On the other hand, some PLO factions went to the opposite extreme, eschewing any form of conventional warfare and concentrating instead on spectacular headline-grabbing terrorist attacks or airline hijackings inside and outside Israel, augmented by occasional guerrilla shelling of the Galilee. This terrorism was another form of theater. It was a means of winning attention in the television age, but it was no means for winning a war. There is no question that these spectacular operations put the Palestinian cause on the news agendas of Israel and the world at a time when the world would have been more than happy to go on ignoring the Palestinian issue. In this sense, I believe that terrorism, while morally repugnant, was functionally relevant for the PLO at its takeoff stage. The problem was that these spectacular terrorist operations became an end in themselves, instead of just a necessary phase or instrument in a larger struggle to achieve a political solution.

This media terrorism actually ended up hurting the PLO more than helping it, because the PLO leadership fell in love with their own press clippings. Headlines became a narcotic substitute for truly meaningful grassroots political or military actions and gave the PLO leaders a much exaggerated sense of their own strength. They mistook news reports for real power and theatrical gestures like hijackings for a real war with Israel. This helped them delude themselves into thinking that history was on their side, that they were getting stronger, and that this was no time for making concessions to Israel.

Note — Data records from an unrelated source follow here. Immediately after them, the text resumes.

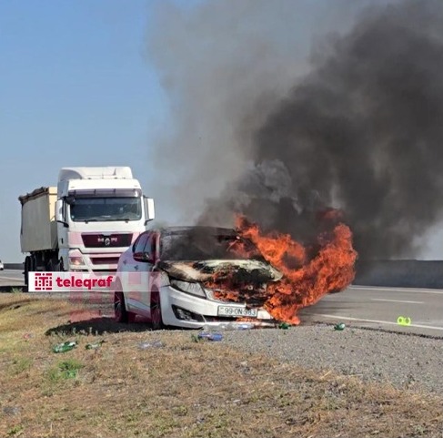 Hərəkətdə olan "KİA" markalı avtomobil anidən yanmağa başlayıb.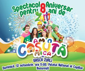 Castiga o invitatie pentru doua persoane si impreuna cu toți prietenii ZURLI, părinți și copii, sunteți așteptați pe 12 octombrie la Palatul Naţional al Copiilor, la ora 11.00, să cântati în cor “La mulți ani, Zurli!”. Personajele iubite din Gașca ZURLI promit cea mai tare distracție!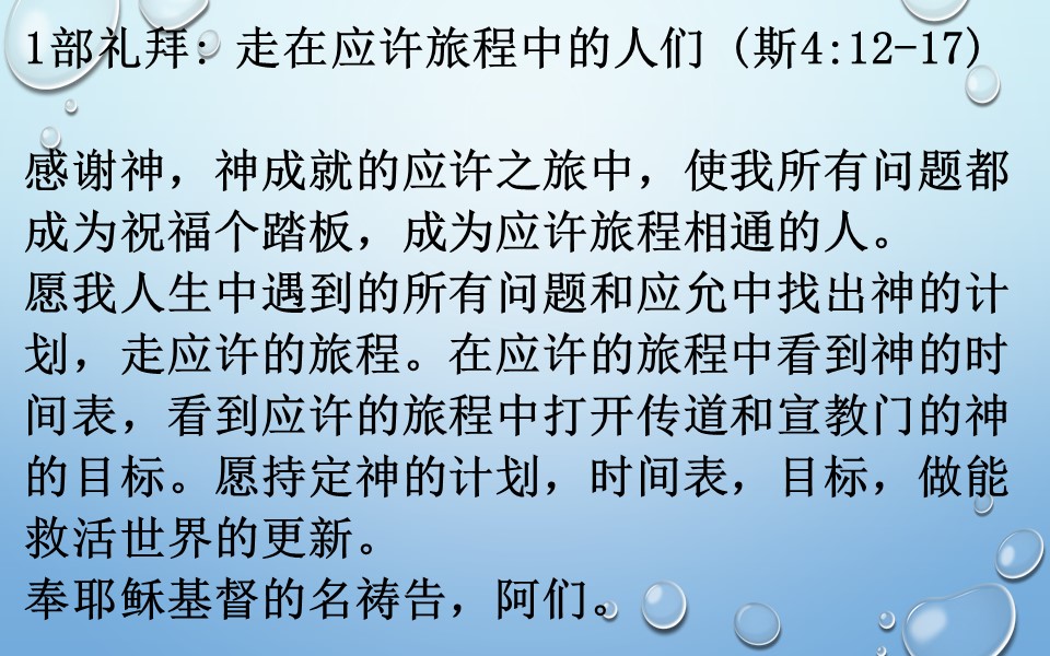 愿我人生中遇到的所有问题和应允中找出神的计划,走应许的旅程。在应许的旅程中看到神的时间表,看到应许的旅程中打开传道和宣教门的神的目标。愿持定神的计划,时间表,目标,做能救活世界的更新。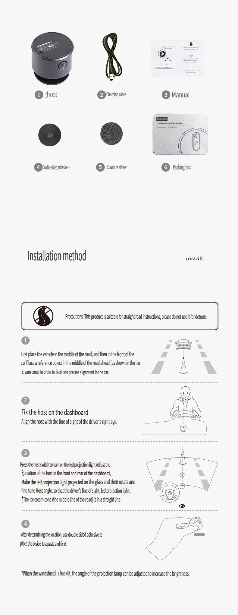 4.The lane departure assist device is USB charging,it can work for 8-12 hours after fully charging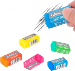 Praktická a stylová gumovací pryž WEIBO v pestrých barvách spolehlivě maže stopy obyčejné tužky bez šmouh a bez poškození papíru. Díky rozměrům 6 × 2 × 1 cm se pohodlně drží, dlouho vydrží a její výrazné barvy ji snadno najdete v penálu či na stole. Jemný syntetický materiál bez latexu, účinné mazání bez rozmazávání a náhodný výběr barvy z ní dělají ideální volbu do školy i kanceláře.

The cynicism and the theater of Beirut came together for me one afternoon in 1979, a day after someone tried to blow up Christian leader Camille Chamoun with a car bomb. The explosion was a split second late and missed him. The next day I went to Chamoun’s apartment in East Beirut to interview him. I found his living room filled with get-well bouquets, many of which were affixed with the personal business cards of those who had sent them. As I waited for Chamoun to receive me, I discovered in a corner a huge floral wreath upon which was a white business card with the printed name: “Yasir Arafat.” Arafat had sent Chamoun get-well flowers. These two men had sent so many young men to die in defense of their own personal power and status, and now they were sending bouquets. That was Beirut. Beirut was a theater and Arafat thought he could star in it forever.

Then one day an outsider stormed in, without even buying a ticket. He was a big man, a fat man, and he did not understand the logic of the play.